─── Records shown

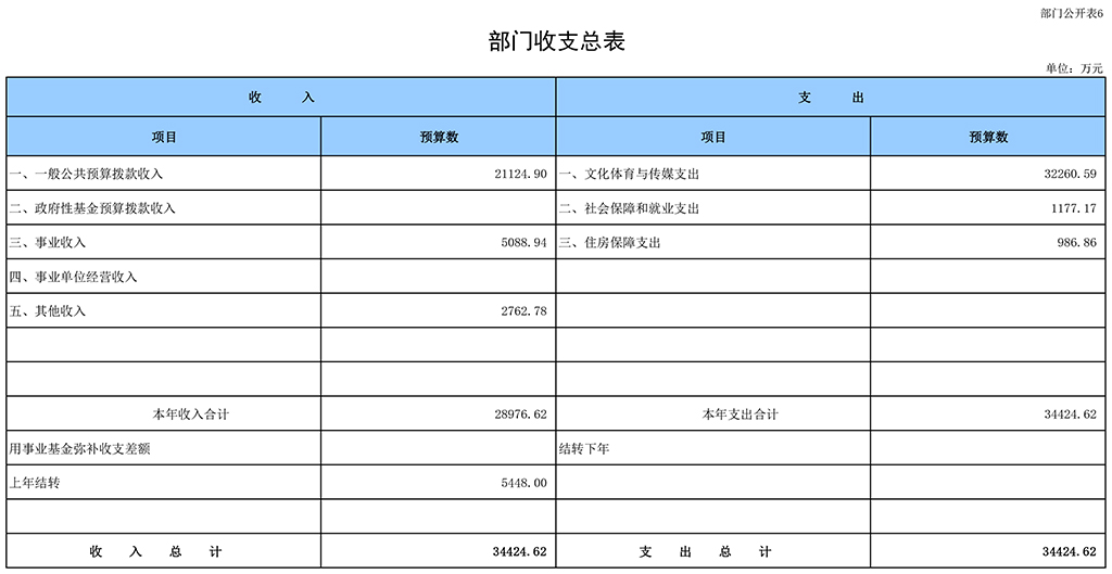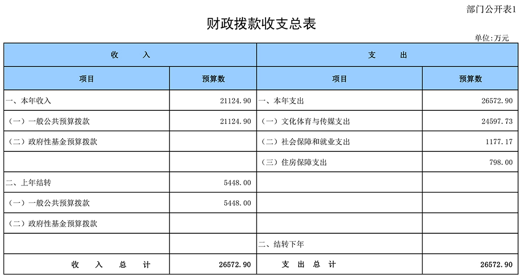 文化体育与传媒支出(类)支出19227.73万元,占比91.02%;社会保障和就业支出(类)支出1177.17万元,占比5.57%;住房保障支出(类)支出720万元,占比3.41%。
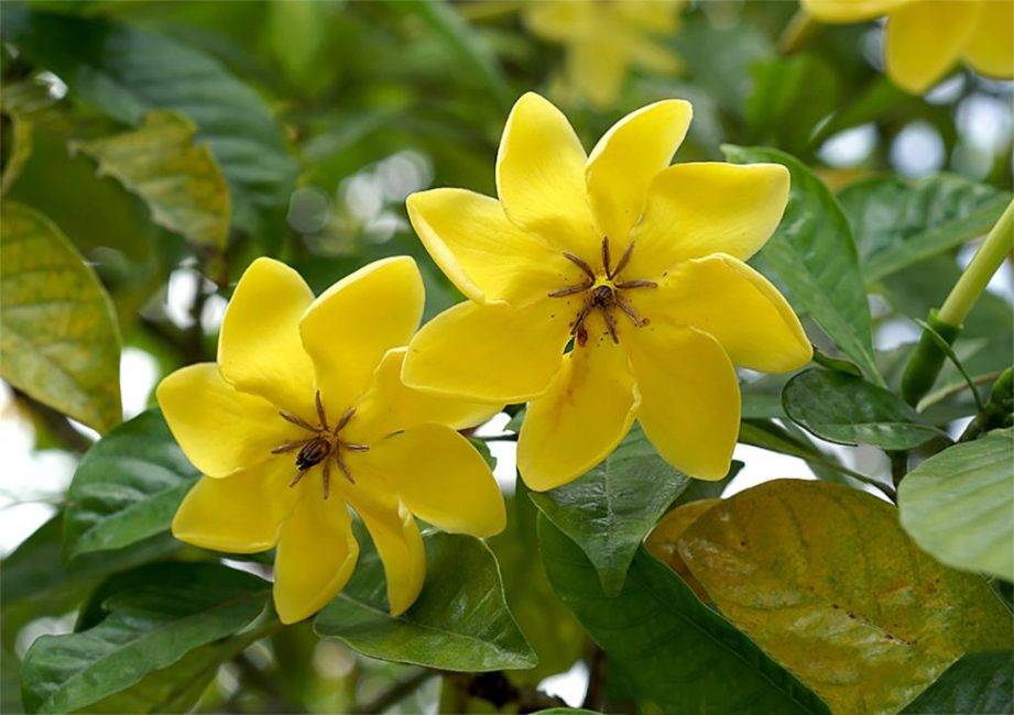- Гардения трубконосная (Gardenia tubifera): цветки желтые, однорядные, располагаются на длинных тоненьких цветоносах, за что вид и получил название
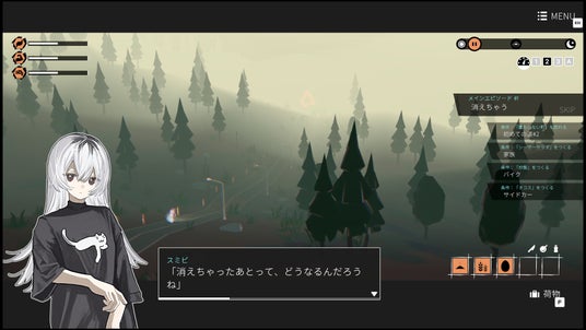多くのゲームでは目的地に到達することで物語が進んでいきますが、『ガールズメイドプディング』では、バイクに乗って道を進む「道中」で物語が進行していきます。
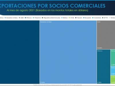 En cuanto a las importaciones, estas también subieron debido a que en terceros países también se experimentó una recuperación económica. A agosto del 2021 se experimentó una variación interanual acumulada del 43.5 por ciento, mientras que entre agosto del 2020 y agosto del 2021 hay un aumento del 60.5 por ciento.
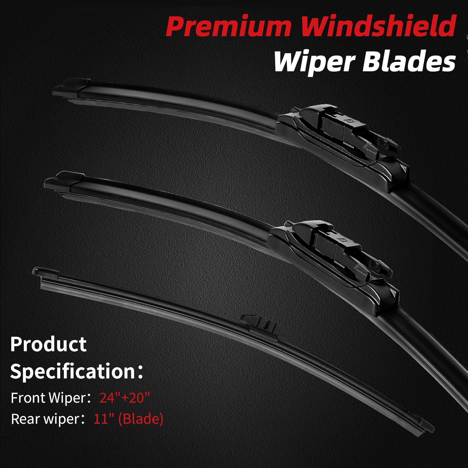 - [24"+20"+11" Perfect Fitment]: Replacement for Ford Escape 2020-2023. Our windshield wiper blades are engineered to provide a perfect fit for vehicle models, ensuring optimal performance and coverage
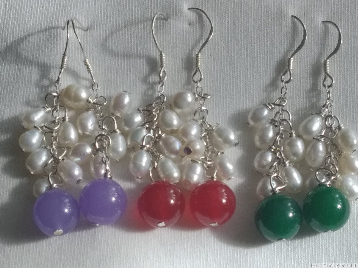 Мелкий речной жемчуг, цветной нефрит, фурнитура - ювелирный сплав.
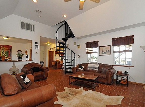 Light,Bright,Open Floor Plan! Lg Country kit w/island Attached oversized garage Huge shop with garage door entrance. Safe room , Large balcony/deck w countryside view. Great Room w high ceilings. Master Bedroom plus 2 additional bedrooms downstairs. (Bedrooms: 4, Full Baths: 3, Half Baths: 0)
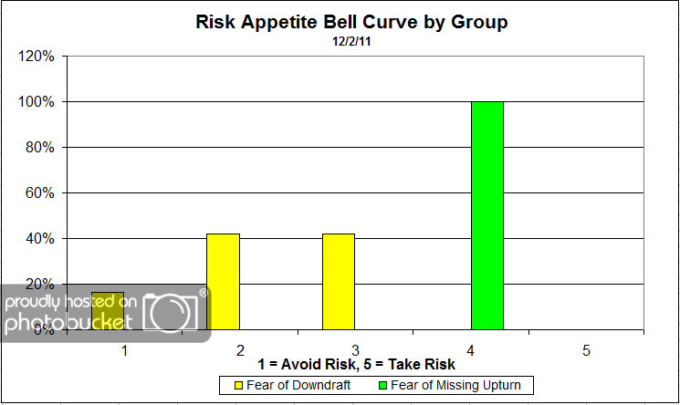 Our latest sentiment survey was open from 11/4/11 to 11/11/11. The Dorsey, Wright Polo Shirt Raffle continues to drive advisor participation, and we greatly appreciate your support! This round, we had 86 advisors participate in the survey. If you believe, as we do, that markets are driven by supply and demand, client behavior is important. We’re not asking what you think of the market—since most of our blog readers are financial advisors, we’re asking instead about the behavior of your clients. Then we’re aggregating responses exclusively for our readership. Your privacy will not be compromised in any way.
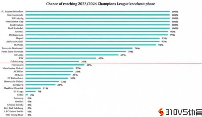 机构预测欧冠出线概率:阿森纳和巴萨90%+,曼联33%
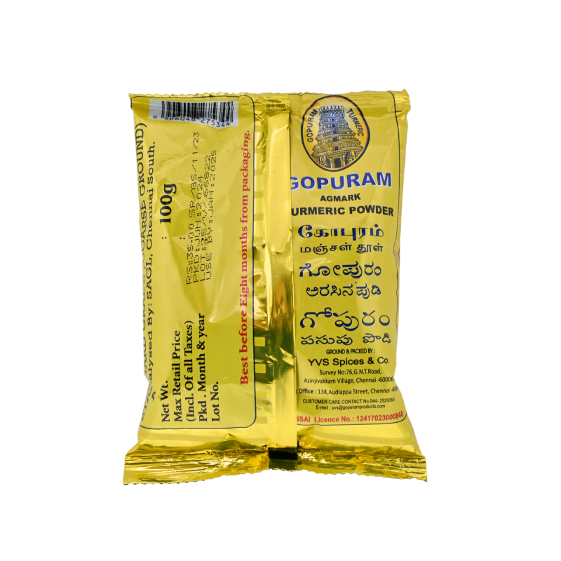 Gopuram Turmeric Enhance your spiritual rituals with Gopuram Turmeric, a key ingredient in traditional puja ceremonies. Known for its auspicious and purifying properties, this high-quality turmeric brings a sense of holiness and positivity to your devotional practices. Widely used in religious rituals, it symbolizes prosperity, purity, and protection, making it an essential part of offerings and sacred rites. Whether you're preparing for a special ceremony or performing your daily puja, Gopuram Turmeric ensures that every ritual is infused with devotion and spiritual significance. Its fine texture and vibrant yellow color add a divine touch to your worship space, inviting blessings and fostering an atmosphere of peace and reverence. Perfect for both personal use and communal offerings, this turmeric is a must-have for enriching your spiritual journey.

──────

▸ **Task requirements**: Transcribe all of the data above exactly; no picture belongs in the copy.

▸ **Answer box**:
 文化体育与传媒支出(类)支出19227.73万元,占比91.02%;社会保障和就业支出(类)支出1177.17万元,占比5.57%;住房保障支出(类)支出720万元,占比3.41%。
- Гардения трубконосная (Gardenia tubifera): цветки желтые, однорядные, располагаются на длинных тоненьких цветоносах, за что вид и получил название
多くのゲームでは目的地に到達することで物語が進んでいきますが、『ガールズメイドプディング』では、バイクに乗って道を進む「道中」で物語が進行していきます。
 En cuanto a las importaciones, estas también subieron debido a que en terceros países también se experimentó una recuperación económica. A agosto del 2021 se experimentó una variación interanual acumulada del 43.5 por ciento, mientras que entre agosto del 2020 y agosto del 2021 hay un aumento del 60.5 por ciento.
 - [24"+20"+11" Perfect Fitment]: Replacement for Ford Escape 2020-2023. Our windshield wiper blades are engineered to provide a perfect fit for vehicle models, ensuring optimal performance and coverage
 Мелкий речной жемчуг, цветной нефрит, фурнитура - ювелирный сплав.
 Light,Bright,Open Floor Plan! Lg Country kit w/island Attached oversized garage Huge shop with garage door entrance. Safe room , Large balcony/deck w countryside view. Great Room w high ceilings. Master Bedroom plus 2 additional bedrooms downstairs. (Bedrooms: 4, Full Baths: 3, Half Baths: 0)
 Our latest sentiment survey was open from 11/4/11 to 11/11/11. The Dorsey, Wright Polo Shirt Raffle continues to drive advisor participation, and we greatly appreciate your support! This round, we had 86 advisors participate in the survey. If you believe, as we do, that markets are driven by supply and demand, client behavior is important. We’re not asking what you think of the market—since most of our blog readers are financial advisors, we’re asking instead about the behavior of your clients. Then we’re aggregating responses exclusively for our readership. Your privacy will not be compromised in any way.
 机构预测欧冠出线概率:阿森纳和巴萨90%+,曼联33%
 Gopuram Turmeric Enhance your spiritual rituals with Gopuram Turmeric, a key ingredient in traditional puja ceremonies. Known for its auspicious and purifying properties, this high-quality turmeric brings a sense of holiness and positivity to your devotional practices. Widely used in religious rituals, it symbolizes prosperity, purity, and protection, making it an essential part of offerings and sacred rites. Whether you're preparing for a special ceremony or performing your daily puja, Gopuram Turmeric ensures that every ritual is infused with devotion and spiritual significance. Its fine texture and vibrant yellow color add a divine touch to your worship space, inviting blessings and fostering an atmosphere of peace and reverence. Perfect for both personal use and communal offerings, this turmeric is a must-have for enriching your spiritual journey.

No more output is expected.